Por último, elegí el fragmento de texto de Freire, que se encuentra al inicio de este apartado,
porque a la enumeración que realiza Florescano, considero que es necesario agregar otra función
social a la enseñanza de la Historia, la de generar conciencia del condicionamiento y la de destruir
cualquier noción de determinismo, ​“concientización no como una panacea, sino como un esfuerzo de
conocimiento crítico de los obstáculos, valga la expresión, de sus razones de ser”​ (Freire, 2004: 26).

ROL DE LA ENSEÑANZA DE LA HISTORIA. Un acercamiento a la práctica.
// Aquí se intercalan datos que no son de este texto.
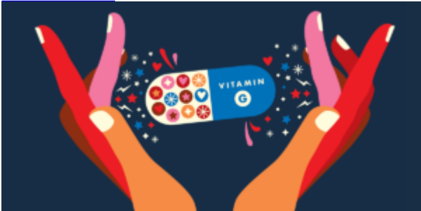
HAVE YOU TAKEN YOUR RECOMMENDED DAILY DOSE OF VITAMIN G THIS MORNING? November 24, 2021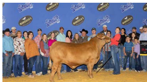
MATERNAL SIB TO EMBRYOS CHAMPION ABC 2024 SAN ANTONIO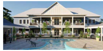
Chartrand Warrior Resource Center

the first time on location at Camp K9, the main campus for K9s for Warriors located in Ponte Vedra.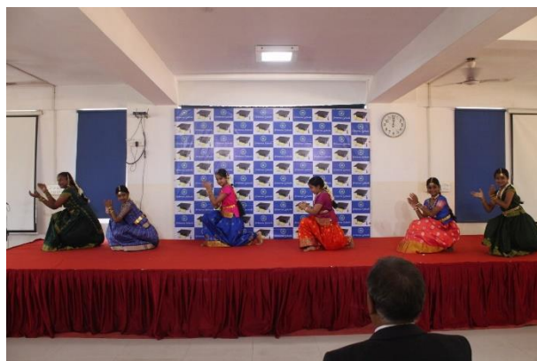
Sweetening the Graduation ceremony with a dazzling dance performance.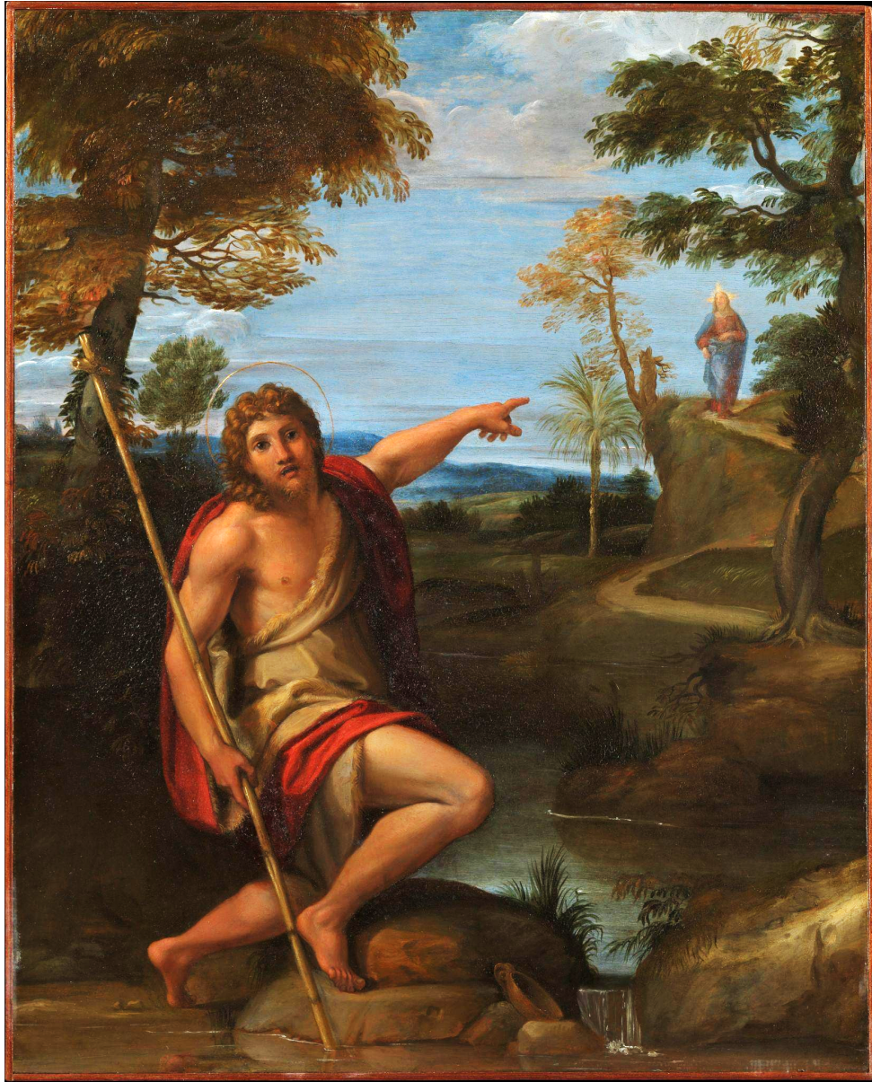
Saint John the Baptist Bearing Witness - Anibale Carracci (1560-1609)

The Second Sunday of Advent Holy Eucharist, Rite II December 07, 2025 – 10:30am

En este contexto, cabe preguntarse cuál es el rol de la enseñanza de la Historia en la escuela


actual. Más específicamente, la pregunta sería: ​“la enseñanza de la historia ¿debe forjar patriotas o
educar cosmopolitas?” (Carretero y Montanero, 2008: 134). También cabría preguntarse si
necesariamente la enseñanza debe seguir cumpliendo el rol de forjar una identidad en nuestro
tiempo, o abrirse a otras de esas funciones sociales previamente mencionadas.

La actual tendencia homogeneizadora mundial provoca una fuerte demanda que recae sobre
la escuela: construcción de una identidad nacional, cuyo fundamento se encuentra en la transmisión
de la memoria colectiva, es decir, en la enseñanza de la historia oficial.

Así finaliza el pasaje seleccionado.